On Fri, Feb 8, 2013 at 11:25 AM, Min Chen <min.c...@citrix.com> wrote:
> We found the right fix for this bug, the root cause is that we have
> multiple beans defined for ApiRateLimitServiceImpl, causing that
> ApiServer.apiAccessCheckers are injected with 3 instances of
> ApiRateLimitServiceImpl.
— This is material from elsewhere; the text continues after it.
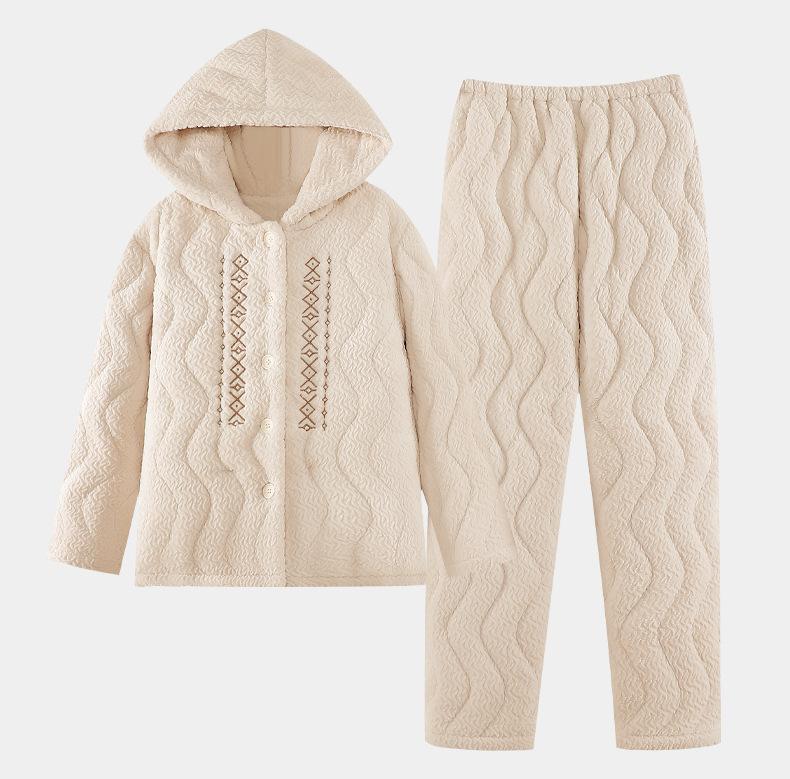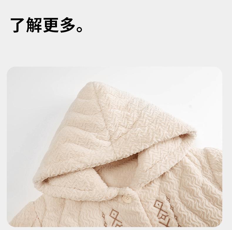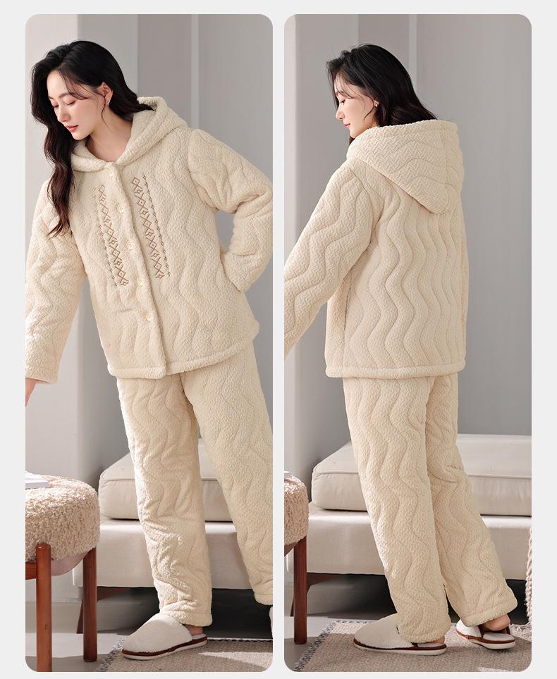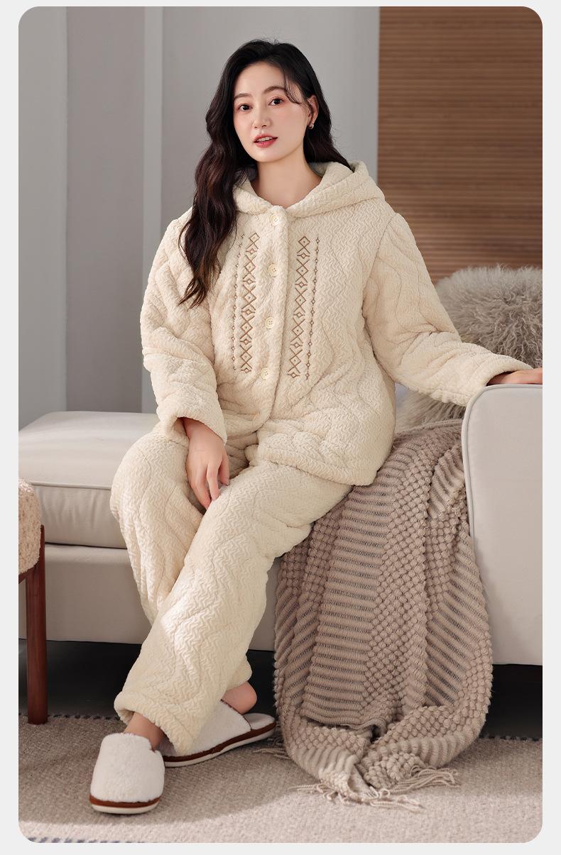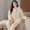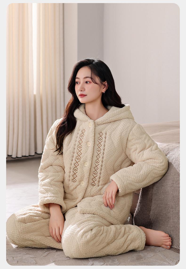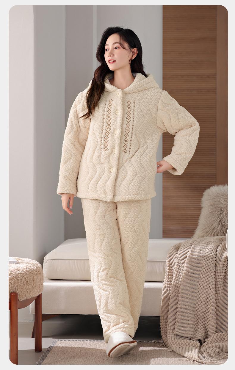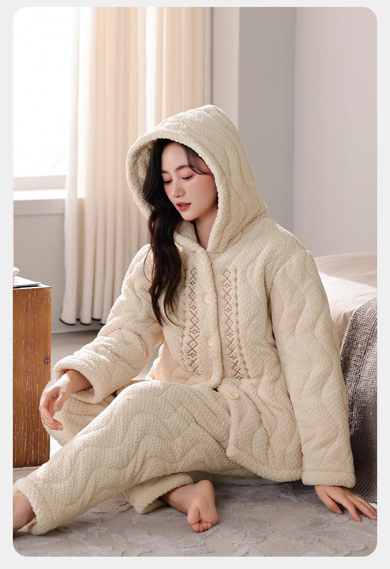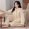 Pijama de algodón y vellón coral para mujer, de invierno, grueso, forrado con vellón, de franela acolchada de tres capas, ropa para el hogar, estilo retro Mori para mujer, nuevo estilo.

Reverted Rohit's commit, and fixed the bug
> through commit 3ce7531d2b9b1ec0bc4bf2b8935df306f6310d79.
>
> Thanks
> -min
>
> On 2/7/13 10:36 AM, "Alex Huang" <alex.hu...@citrix.com> wrote:
>
>>I disagree.  I don't think the fix is ok.  It works around the problem
>>rather than fixes the root of the problem.  Will only lead to more
>>problems.  Should revert and work on the right fix.
>>
>>--Alex
>>
>>> -----Original Message-----
>>> From: Min Chen [mailto:min.c...@citrix.com]
>>> Sent: Thursday, February 07, 2013 9:21 AM
>>> To: Kishan Kavala; Sudha Ponnaganti
>>> Cc: Sailaja Mada; Abhinandan Prateek; Likitha Shetty; cloudstack-
>>> d...@incubator.apache.org; Kelven Yang
>>> Subject: Re: [ACS41]Only default Root admin is allowed to login
>>>Management
>>> Server
>>>
>>> +Kelven here to comment on how Spring handles @Component injection.
>>>
>>> I have reviewed Rohit's change, it looks ok.  But I think that we need
>>>to solve
>>> the root cause of this issue. ApiRateLimitServiceImpl has been annotated
>>> with @Component, so it should be a singleton. Theoretically, we should
>>>not
>>> need to make _store as static variable in this case.  Let's keep this
>>>bug still
>>> open until we figured out the root cause.
>>>
>>> Thanks
>>> -min
>>>
>>> From: Kishan Kavala
>>> <kishan.kav...@citrix.com<mailto:kishan.kav...@citrix.com>>
>>> Date: Thursday, February 7, 2013 7:53 AM
>>> To: Sudha Ponnaganti
>>> <sudha.ponnaga...@citrix.com<mailto:sudha.ponnaga...@citrix.com>>
>>> Cc: Sailaja Mada
>>><sailaja.m...@citrix.com<mailto:sailaja.m...@citrix.com>>,
>>> Abhinandan Prateek
>>> <abhinandan.prat...@citrix.com<mailto:abhinandan.prat...@citrix.com>>,
>>> Likitha Shetty
>>><likitha.she...@citrix.com<mailto:likitha.she...@citrix.com>>,
>>> "cloudstack-dev@incubator.apache.org<mailto:cloudstack-
>>> d...@incubator.apache.org>" <cloudstack-
>>> d...@incubator.apache.org<mailto:cloudstack-dev@incubator.apache.org>>,
>>> Min Chen <min.c...@citrix.com<mailto:min.c...@citrix.com>>
>>> Subject: Re: [ACS41]Only default Root admin is allowed to login
>>>Management
>>> Server
>>>
>>> Rohit fixed this today.
>>>
>>> Min,
>>>   Can you please review the fix?
>>>
>>> Branch: refs/heads/4.1
>>> Commit: b513448ec2748619cf90fc215336b5065796a5c6
>>> Parents: c693cfb
>>> Author: Rohit Yadav <bhais...@apache.org<mailto:bhais...@apache.org>>
>>> Authored: Thu Feb 7 18:23:05 2013 +0530
>>> Committer: Rohit Yadav
>>> <bhais...@apache.org<mailto:bhais...@apache.org>>
>>> Committed: Thu Feb 7 18:24:35 2013 +0530
>>>
>>> On 07-Feb-2013, at 4:11 PM, "Sudha Ponnaganti"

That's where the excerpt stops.